Thee pages, bifolium 180 x 117mm (typed identification at head of first page, mounting remants on verso of second leaf).



Harriet Beecher Stowe arranges a visit to Hawthorne's Concord home. A rare letter documenting the personal association between two literary giants, written a year before Nathaniel Hawthorne's death. "Mr. Stowe & I have long desired to renew our acquaintance with you, but Concord is rather too far off for a card-case call & this leads me to say that on Sunday next we shall pass your house on our way to a friends' with whom we pass Sunday, & we propose to ourselves then the pleasure of calling & seeing you & Mr. Hawthorne & your family once more —" Coyly expressing her commitment to the early summer visit, she adds: "Only, should there chance to be a driving snow storm we should perhaps not undertake the visit — & of course must lose the call. Your whole region is to me terra incognita known only in your husband's descriptions, so I ardently hope the sun may shine & the skies prove propitious. In such a case we hope to look in upon you, about two or three o'clock…"

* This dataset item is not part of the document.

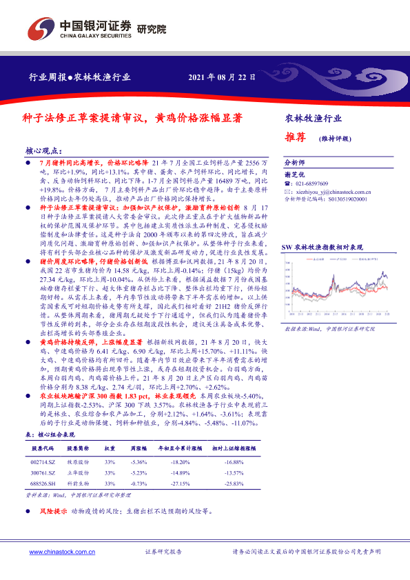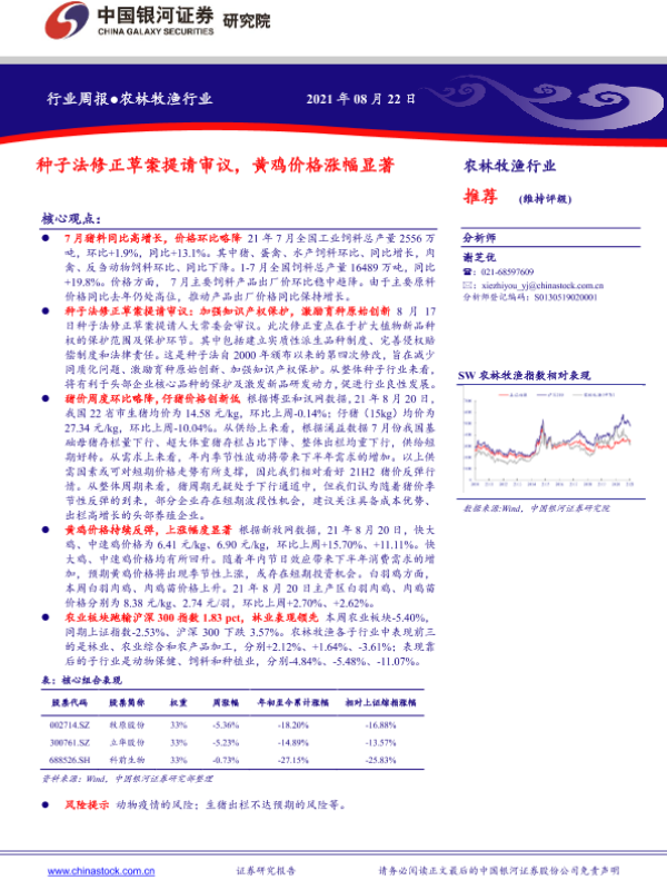 【银河证券】【20210822】20210822-中国银河-农林牧渔行业周报:种子法修正草案提请审议,黄鸡价格涨幅显著-17页

It is unclear when the Stowes and Hawthornes first became personally acquainted, but the first encounter we have been able to trace occurred aboard the ship Europa, bound from England to Boston in June 1860 together with James T. Fields, Hawthorne's publisher, and his wife Annie. Whether it was their first encounter is unclear, but over the course of the voyage Stowe kept close company with Nathaniel and Sophia Hawthorne, who had spent the previous three years touring France and Italy following the end of his stint as U.S. Consul in Liverpool. Years later Annie Fields recalled, "Mrs. Hawthorne, who was always the romancer in the conversation, filled the evening hours by weaving magic webs of her fancies, until we looked upon her as a second Scheherazade, and the day the head was to be cut off was the day we should come to shore. 'Oh,' said Hawthorne, 'I wish we might never get there.' But the good ship moved steadily as fate. Meanwhile, Mrs. Stowe often took her turn at entertaining the little group. She was seldom tired of relating stories of New England life and her early experiences. (See, Annie Fields, ed., Life and Letters of Harriet Beecher Stowe, 1897, p. 282)



Beyond the present letter, Works documents only two other direct contacts between the two families. The first, in a 5 November 1860 letter from Nathaniel Hawthorne to Calvin E. Stowe in which he offers praise to Martha Tyler Gale's analysis of The Marble Faun. (18:344). And in 1863, Hawthorne wrote directly to Harriet Beecher Stowe thanking her for her comments on an article he had written and praising Stowe's critique: "A reply to the affectionate and Christian Address of many thousands of Women of Great Britain and Ireland to their Sisters, the Women of the United States of America." Published in the Atlantic Monthly in 1863, Stowe accused English women of not doing more to push for an end to slavery. Hawthorne wrote, "If anything could make John Bull blush, I should think it might be that, but he is a hardened and villainous hypocrite. I always felt that he cared nothing for or against slavery, except as it gave him a vantage-ground on which to parade his own virtue and sneer at our iniquity." (18:515-516). There is also an indication that Stowe visited Hawthorne in the summer of 1862. And although the pair certainly admired each other's work, Stowe did harbor some reservation about Hawthorne's politics, asking James T. Fields on 3 November 1863, "'Do tell me if our friend Hawthorne praises that arch traitor [Franklin] Pierce in his preface & your loyal firm publishes it. I never read the preface & have not yet seen the book, but they say so here & I can scarcely believe it of you—if I can of him. I regret that I went to see him last summer—what! Patronise such a traitor to our faces!—I can scarce believe Annie knew you were out when you did it. But I haven't read it'" (ibid., 516).